> [Work request]: Reproduce, from the lines below, exactly the stretch that begins at the line containing "وفيما يأتي بيان" and ends at the line containing "White bridal veil.", both included.

======== Information shown ========

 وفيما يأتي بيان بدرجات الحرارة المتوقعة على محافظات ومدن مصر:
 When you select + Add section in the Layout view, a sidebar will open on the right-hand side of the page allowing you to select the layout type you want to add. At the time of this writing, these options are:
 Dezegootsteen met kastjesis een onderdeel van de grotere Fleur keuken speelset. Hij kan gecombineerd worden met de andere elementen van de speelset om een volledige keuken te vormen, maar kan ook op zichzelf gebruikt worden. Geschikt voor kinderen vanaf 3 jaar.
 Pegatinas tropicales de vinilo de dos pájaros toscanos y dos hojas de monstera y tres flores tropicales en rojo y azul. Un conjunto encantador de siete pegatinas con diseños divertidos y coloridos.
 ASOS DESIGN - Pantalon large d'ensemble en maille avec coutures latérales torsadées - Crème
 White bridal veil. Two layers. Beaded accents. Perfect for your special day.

========
======== Information shown ========

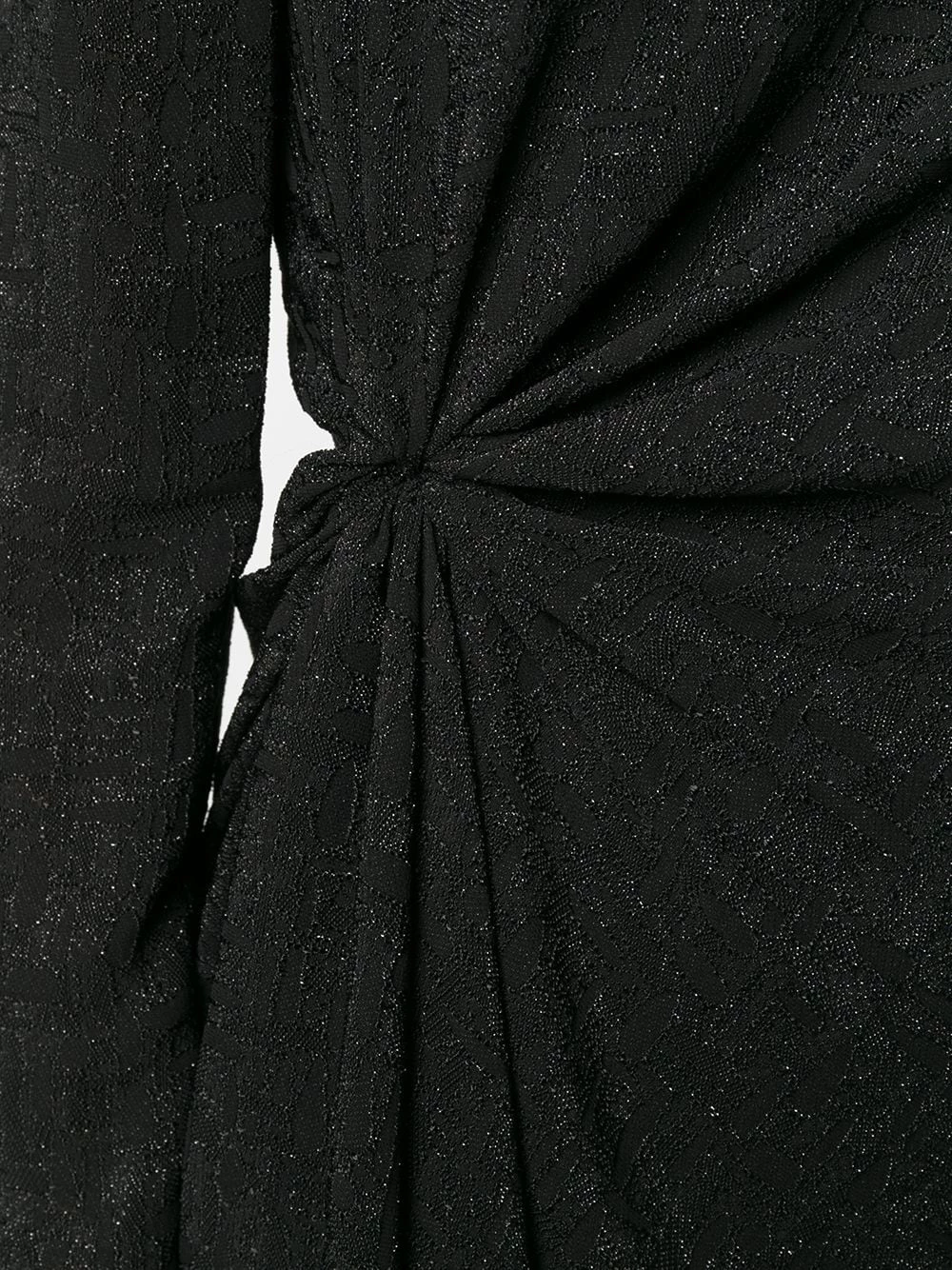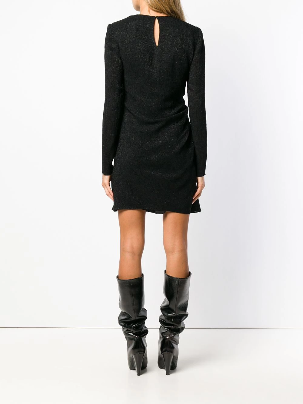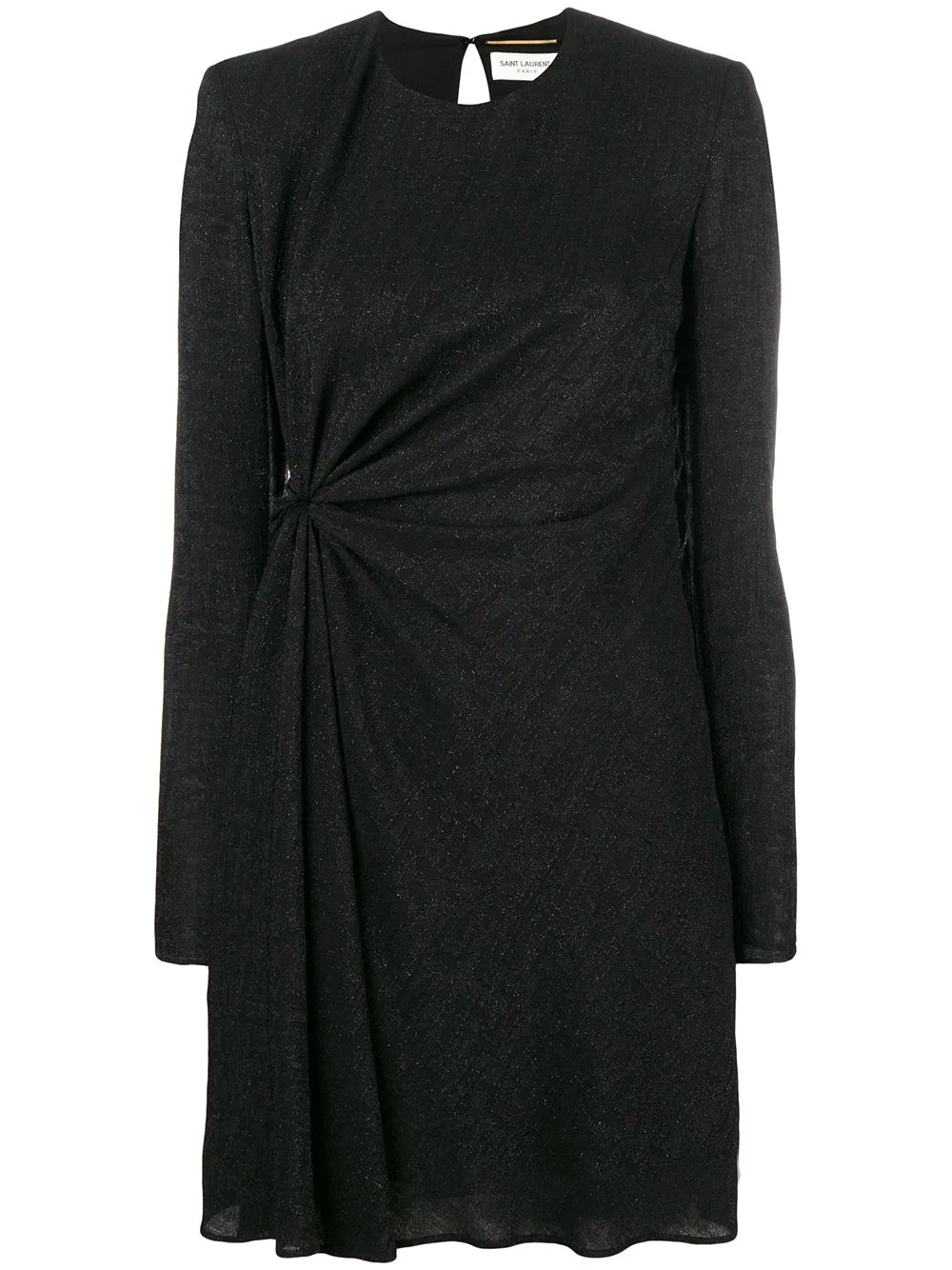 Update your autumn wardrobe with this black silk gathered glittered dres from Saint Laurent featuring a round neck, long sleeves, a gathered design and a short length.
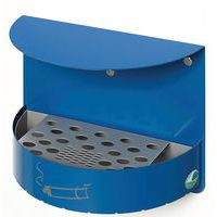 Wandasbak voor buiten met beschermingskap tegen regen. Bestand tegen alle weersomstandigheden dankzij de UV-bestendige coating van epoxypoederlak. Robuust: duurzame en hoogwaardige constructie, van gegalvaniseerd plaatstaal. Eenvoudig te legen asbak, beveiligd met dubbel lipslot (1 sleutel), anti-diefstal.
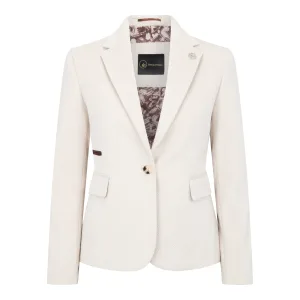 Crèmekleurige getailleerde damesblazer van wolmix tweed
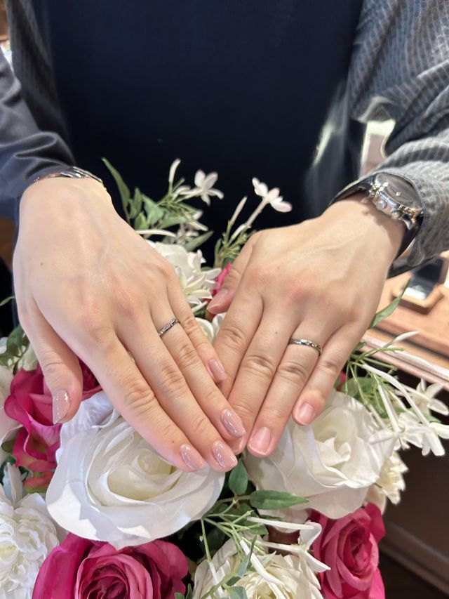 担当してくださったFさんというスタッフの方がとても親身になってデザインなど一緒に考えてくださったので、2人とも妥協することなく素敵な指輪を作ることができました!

========
======== Information shown ========

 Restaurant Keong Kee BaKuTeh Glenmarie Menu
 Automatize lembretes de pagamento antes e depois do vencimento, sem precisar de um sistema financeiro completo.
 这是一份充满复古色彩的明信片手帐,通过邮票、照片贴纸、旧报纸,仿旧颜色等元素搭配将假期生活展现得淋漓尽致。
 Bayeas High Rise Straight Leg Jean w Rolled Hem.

========

> [Answer for the task]:
 وفيما يأتي بيان بدرجات الحرارة المتوقعة على محافظات ومدن مصر:
 When you select + Add section in the Layout view, a sidebar will open on the right-hand side of the page allowing you to select the layout type you want to add. At the time of this writing, these options are:
 Dezegootsteen met kastjesis een onderdeel van de grotere Fleur keuken speelset. Hij kan gecombineerd worden met de andere elementen van de speelset om een volledige keuken te vormen, maar kan ook op zichzelf gebruikt worden. Geschikt voor kinderen vanaf 3 jaar.
 Pegatinas tropicales de vinilo de dos pájaros toscanos y dos hojas de monstera y tres flores tropicales en rojo y azul. Un conjunto encantador de siete pegatinas con diseños divertidos y coloridos.
 ASOS DESIGN - Pantalon large d'ensemble en maille avec coutures latérales torsadées - Crème
 White bridal veil. Two layers. Beaded accents. Perfect for your special day.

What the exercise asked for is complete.